Shin-tok Liong menaruh simpati terhadap pemuda itu, namun karena sudah diperintah oleh majikannya, diapun tak dapat berbuat apa-apa. Beberapa saat kemudian, dia tinggalkan pondok itu lagi. Lama Siau Ih berdiri tertegun seorang diri.

Tiba-tiba dia mendapat pikiran, ujarnya sendiri: „Dendam ayah bunda adalah suatu kewajiban besar. Dengan memerintahkan begini, entah bilamana engkong dapat menyelesaikan pembalasan sakit hati itu. Dari pembicaraannya tempo hari, nyata engkong juga menaruh dendam terhadap kedua Song-sat itu. Juga dalam penyelidikan masa itu, terang Siao-sat-sin Li Hun-liong itu tak terlepas dari dakwaan. Engkong menghendaki bukti yang kuat baru mau bertindak. Ah, mengapa aku tak mau nyerempet bahaya sedikit, tinggalkan tempat ini untuk melakukan penyelidikan. Asal berhasil menemukan bukti, biar engkong memarahi, tapi rasanya aku sudah dapat menunaikan kewajibanku sebagai anak terhadap orang tua …….”

Namun pada lain kilas, dia berpikir sendiri: „Rencana tadi memang bagus, tapi bagaimana caraku untuk menerobos dari pintu batu selat Liu-hun-hiap itu? Bukankah pintu itu dijaga oleh Liong koko ……”

Kembali Siau Ih gelisah hatinya. Beberapa kali dia naik turun loteng memikirkan daya yang sempurna, namun sia-sia jua. Baru ketika menjelang jauh malam, dia mendapat ketetapan hati.

„Dalam surat tadi engkong mengatakan kalau Hou koko tengah menuju ke Ban-ke-san, jadi yang menjaga pintu selat hanyalah Liong koko seorang. Tadi kuperhatikan dia agak menaruh simpati padaku, ah, asal aku dapat mengomonginya

……….”

Memikir sampai disini, kembali hatinya bergoncang keras. Teori sih bagus, tapi bagaimana kenyataannya nanti, wallahualam.

Keesokan harinya, dia menunggu kedatangan Shin-tok Liong dengan penuh harapan. Begitu pemuda itu mengantar makanan, Siau Ih segera menuturkan hasratnya. Begitu meluap rangsangan hatinya itu, hingga tak kuasa lagi dia menahan kucuran air matanya.

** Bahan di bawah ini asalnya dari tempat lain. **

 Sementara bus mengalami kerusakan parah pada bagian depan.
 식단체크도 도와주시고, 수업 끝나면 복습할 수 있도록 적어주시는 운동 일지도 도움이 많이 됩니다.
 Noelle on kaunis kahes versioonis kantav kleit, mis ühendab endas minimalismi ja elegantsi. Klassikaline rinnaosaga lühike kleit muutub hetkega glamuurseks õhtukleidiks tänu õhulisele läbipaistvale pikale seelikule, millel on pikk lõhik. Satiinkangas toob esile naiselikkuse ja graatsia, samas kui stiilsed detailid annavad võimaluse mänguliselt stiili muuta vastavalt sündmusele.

Shin-tok Liong seorang pemuda yang cerdas dan mendapat gemblengan dari si Rase Kumala. Tapi dikarenakan dia tak pernah turun gunung, jadi hatinya masih jujur, tak kenal akan kepalsuan dunia. Tergerak hatinya melihat penderitaan Siau Ih. Diam-diam diapun menganggap perbuatan majikannya (si Rase Kumala) itu kelewat bengis terhadap cucunya sendiri.

Setelah merenung beberapa saat, akhirnya dipandangnya wajah anak muda yang basah dengan air mata itu.

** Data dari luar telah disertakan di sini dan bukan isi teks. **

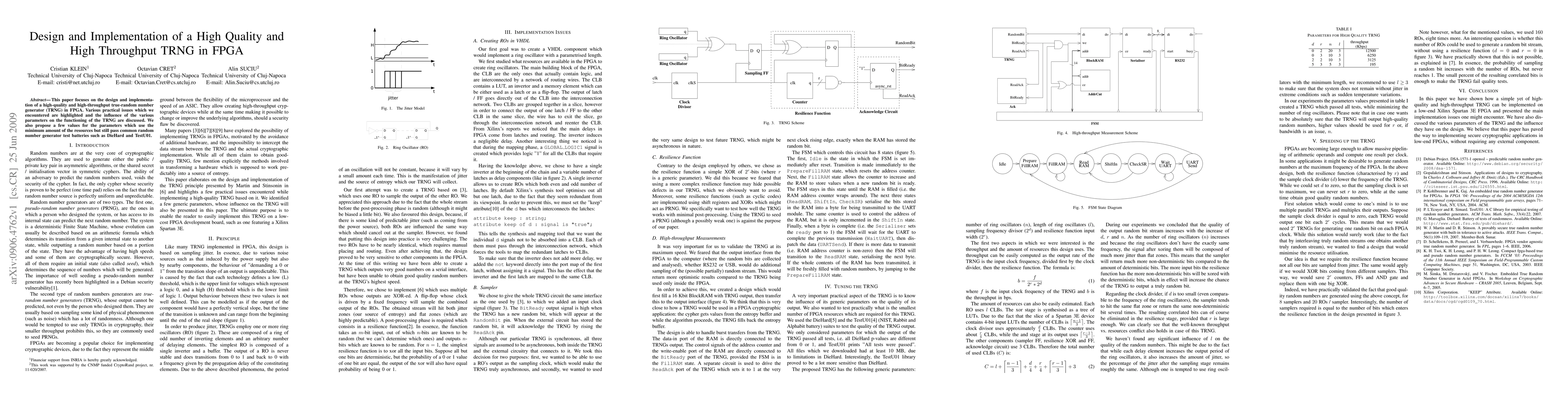 This paper presents a high-quality, high-throughput TRNG implemented in FPGA, addressing practical design issues and parameter influences. It proposes optimal parameter values that minimize resource usage while passing rigorous random number generator tests like DieHard and TestU01.

„Baiklah, biar bagaimana aku sedia membantu hiante. Segala kesalahan, aku yang menanggung. Tapi Hou-te sudah mencari Bok-lo-sian-ong dan tak lama lagi, beliau tentu sudah tiba kemari. Kalau hiante pergi terlalu lama, tentu akan dibuat pikiran oleh kedua cianpwe itu," kata Shin-tok Liong dengan nada tetap.

Mendengar itu serta merta Siau Ih memberi hormat selaku terima kasihnya.

„Ih hiante, ketahuilah apa sebabnya aku suka memberi bantuan padamu. Pertama, aku ketarik akan rasa baktimu terhadap orang tua. Kedua, semasa hidupnya bibi Lan itu memperlakukan kami baik sekali. Adalah demi untuk kepentingan mendiang, aku hendak membalas budi. Ai, bila kau hendak berangkat?"

„Kupikir malam nanti juga,” sahut Siau Ih.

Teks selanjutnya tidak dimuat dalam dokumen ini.